GhostWriter: Exploiting GPU-Cache Contention to Steal and Steer Multi-tenant Large-Language-Model Inference
摘要
Cloud providers routinely batch unrelated user prompts on shared Graphics Processing Units (GPUs) to amortize the escalating operational costs of large-language-model (LLM) inference. This paper demonstrates that such efficiency-driven optimizations introduce a potent microarchitectural side channel. We present GhostWriter, the first attack framework that (i) extracts private prompt tokens from co-located victims and (ii) covertly biases their generated text, all without requiring code execution privileges within the victim’s process or access to the LLM’s internal parameters. The attack exploits a subtle phenomenon: the residency of key–value (KV) cache entries in the GPU’s L2 cache persists across batched tenants. This persistence manifests as minute, per-token latency skews—often only a few milliseconds—which, as we show, are statistically amplifiable.
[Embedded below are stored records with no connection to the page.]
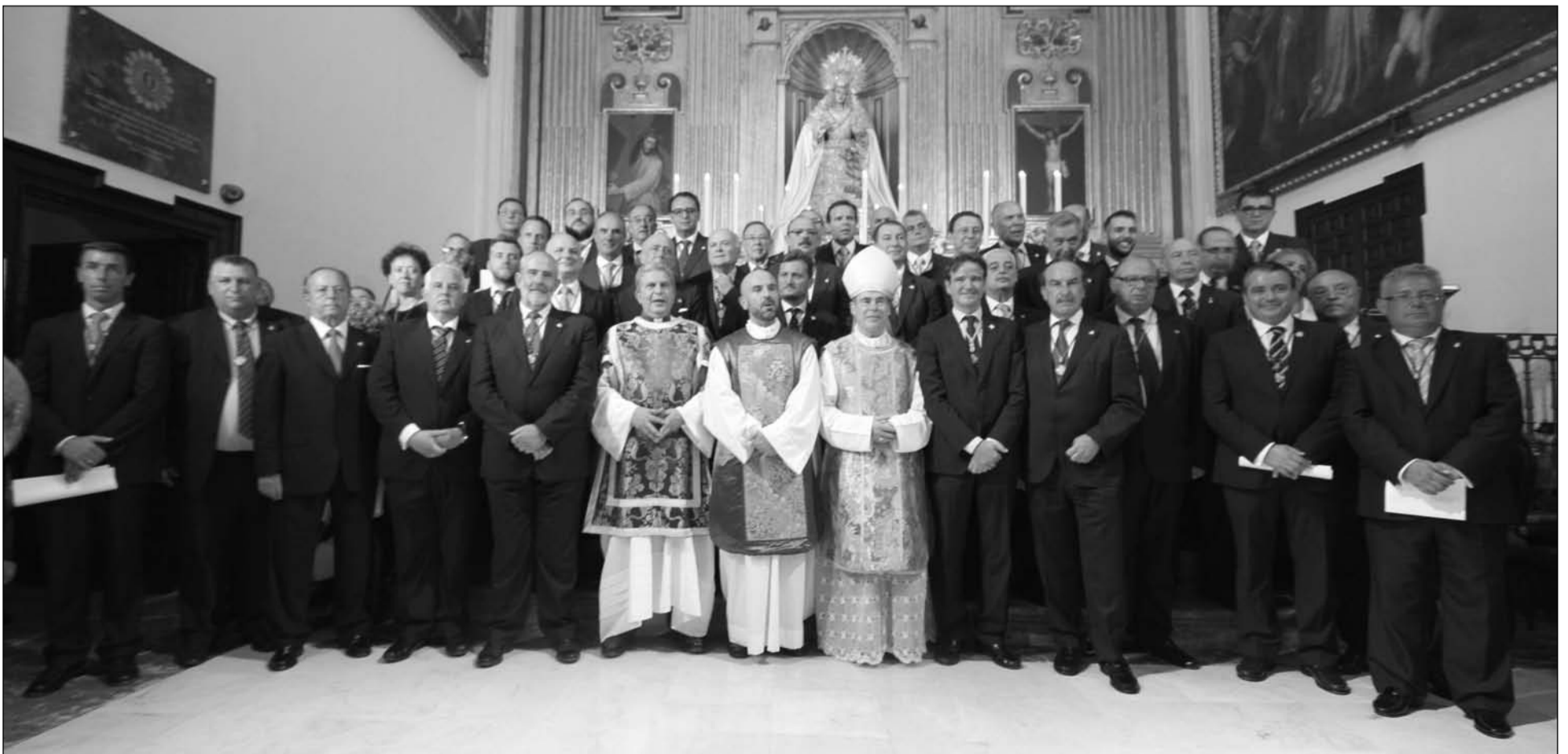
Nueva junta de la Agrupación de Cofradías de Semana Santa.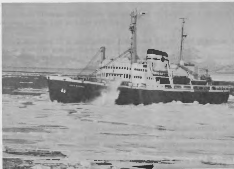
CCGS John A. MacDonal Norwegian Bay Sept. 1974 Eureka Convoy Escort.

In contrast to Newfoundland and the western Arctic, ice conditions in the eastern Arctic this past summer were near perfect, shipping into and out of Resolute Bay was uninterrupted throughout the entire resupply season.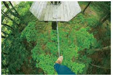
見たこともない世界が、眼下に広がります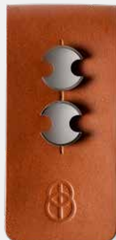
Manžetové knoflíčky Ocelové, s ručně leštěnou fazetou.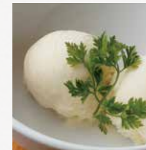
本日のアイス 内容はスタッフまでお尋ね下さい。 ¥330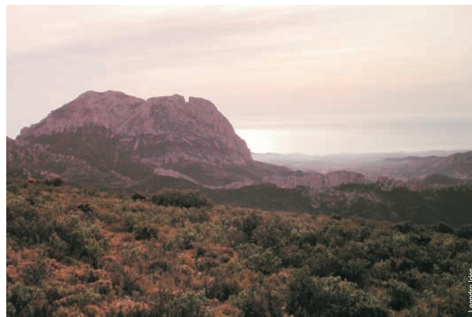
Vista del Puigcampana hacia el mar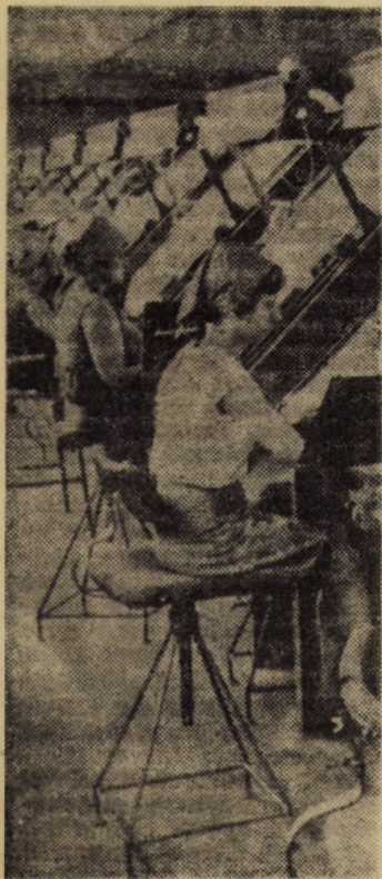
O ultimă „paradă” a țesăturilor pe rampele de control, în fața privirilor exigente ale muncitorilor compartimentului C.T.C. de la întreprinderea „Tirnava” Mediaș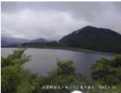
沼原(めまっぱら)揚水発電所 上池貯水池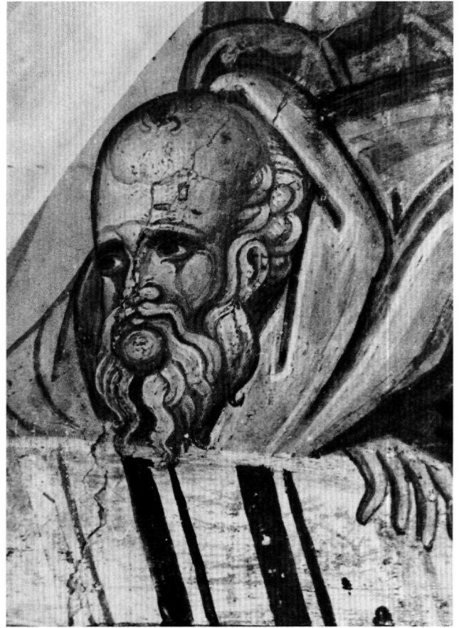
Εικ. 3. Η Κοίμηση της Θεοτόκου. Ο άγιος Ιωάννης ο Θεολόγος. Λεπτομέρεια.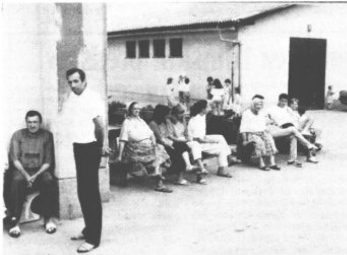
Zbirna centra Golte in Brdce

nam pred zlom in gorjem. Otroški živ-žav se razlega po hodnikih, v sobah, v okolici doma. Razposajenost, a hkrati otožni in globoki pogledi pri mnogih dokazujejo, da so že odrasli. Obrazi njihovih mater so zaskrbljeni, njihova notranjost prežeta s skrbjo za dom, svoje najdražje. »Nič nam ne manjka,« pravijo. »Imamo streho nad glavo, mir, urejeno preskrbo s hrano in kolikor toliko tudi s potrebščinami za osebno higieno. Toda, dom je le dom. Nikjer ne more biti lepše, pa čeprav se drugi še toliko trudijo. Imamo praktično vse in nič.« Ta nič ni nevhvaležnost. Je le mora negotovosti, njihove vsekakor ne lepe prihodnosti. Kljub temu si želijo čimprej domov. Čeprav na ruševine ali pa jih ne bodo pričakale niti te. Iskrica upanja, da bo to kmalu, ostaja. Z njo žalje prenašajo tegobe vsakdanjosti. Resnici na ljubo, kar mnogim je bila skrb za red in disciplino v začetku tuja. Danes temu v mnogih primerih ni več tako. Lagali bi, če bi pisali o zadovoljstvu vseh, da bo to omenjamo še kakšnih drugih zadev. Dejstva so tu in so takšna kakršna pač so. Z njimi se je sicer težko sprijazniti. Toda, hočeš ali nečeš, treba se je.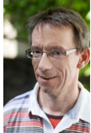
JENS PETRING PLATZ 8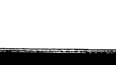
Michail Scioloikhov, l'autore del "Flacido Uno" e dei "Bisodolatori", uno tra i rappresentanti più significativi della narrativa mondiale contemporanea.

Scioloikhov propone un incontro di scrittori. La proposta sovietica sulla nuova rivista sovietica « Letteratura straniera ».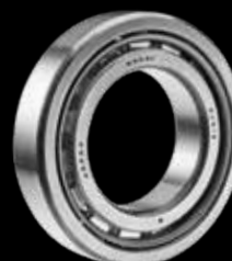
Rulmenti cu Role Cilindrice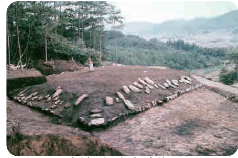
33 田尻山古墳群 (弥生時代) 四隅が飛び出した首長の墓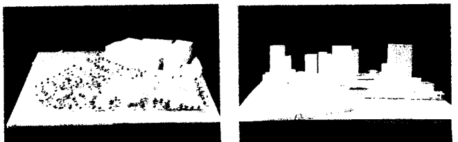
<그림 4> 'K'관광정보관의 외부공간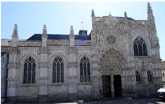
La Chapelle du Saint-Espirit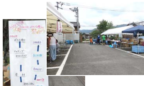
【災害ボランティアセンターの様子】

今後の大規模災害発生に備え、災害ボランティアの募集や受入、コーディネートを行う「災害ボランティアセンター」の円滑な立ち上げ、運営に向けた実効性の高い支援を行う事業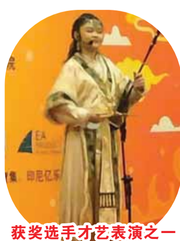
获奖选手才艺表演之一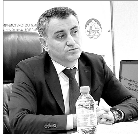
амалгонд донæй пайда кæнынц æнæзаконæй. Майы бæрæгбæтты фæстæ сæ бæрæг кæндзысты, ныр дæгæн та архайд цæуы сæрмагонд кусæнгæртæ самал кæныныл. Цыбыр рæстæгмæ цы куыстуæттæ

Донцирæнтæй ист цæуы 320 мин кубометры дон, уыдонæй æрмæст 70-æн цæуы фыст, иннæ хай ивгъуыйы иувæрсты. Сæйраг ахосаг — техникон æмæ экономикон фарстатæ: дондзæуæнты хыз æдзæллаг уавæры ис, егъау æмæ астæуккаг бизнесы куыстуæттæ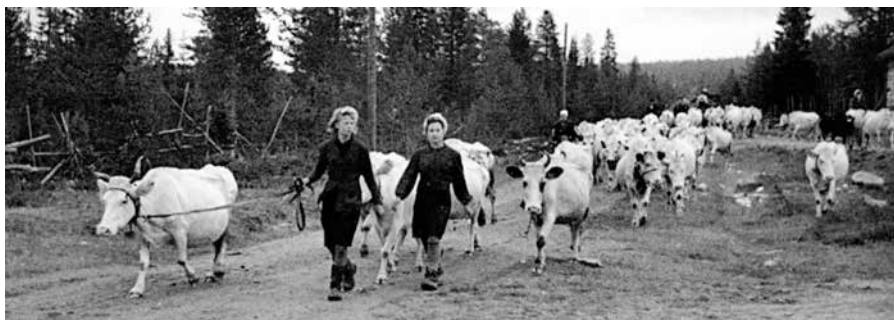
Kvinnor som transporterar kor till Sverige mellan Torneå och Haparanda den 19 september 1944 under evakueringen av norra Finland.

Sovjetunionen angrep Finland den 30 november 1939, vilket var starten till vinterkriget. Finland tvingades efter krigsförlusten överlämna stora landområden till Sovjetunionen. I juni 1941 startade fortsättningskriget där Finland på tyskarnas sida stred mot Sovjetunionen i syfte att återta de förlorade områdena. Nazityskland förlorade kriget mot Sovjetunionen och Finland lyckades bevara sin självständighet genom att lämna alliansen 1944. Tyskarna tillämpade "den brända jordens taktik" och lämnade norra Finland i ruiner. I september 1944 slöts en överenskommelse mellan Finland och Sverige om att vårt land skulle ta emot 100 000 flyktingar. Sammanlagt evakuerades 103 885 personer och 51 000 husdjur från norra Finland. Av dem kom 56 417 personer och 18 000 husdjur till Sverige och resten till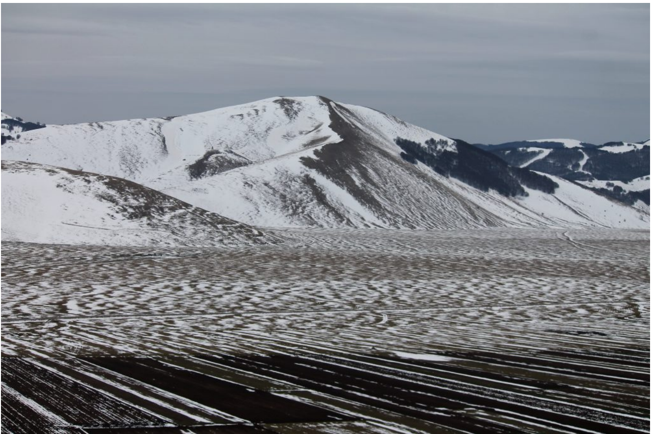
40- Alle 12 il cielo si era già coperto per il maltempo annunciato al pomeriggio, il Monte Guidone visto da Castelluccio.

We formalize the threat model under realistic cloud deployment conditions and develop a robust statistical detector based on a frequentist z-test, which recovers target tokens with up to \(96.2\) % accuracy on a GPT-Neo-125M model. Furthermore, we introduce an adversarial cache pre-loading strategy capable of increasing victim perplexity by up to \(11\) % and flipping sentiment in \(42\) % of news-style generations. Our end-to-end evaluation spans contemporary NVIDIA T4, A100, and consumer-grade RTX 4090 GPUs, popular inference stacks (including Triton Inference Server, vLLM, and Hugging Face Text Generation Inference), and realistic cloud batch sizes, confirming cross-tenant leakage under default configurations.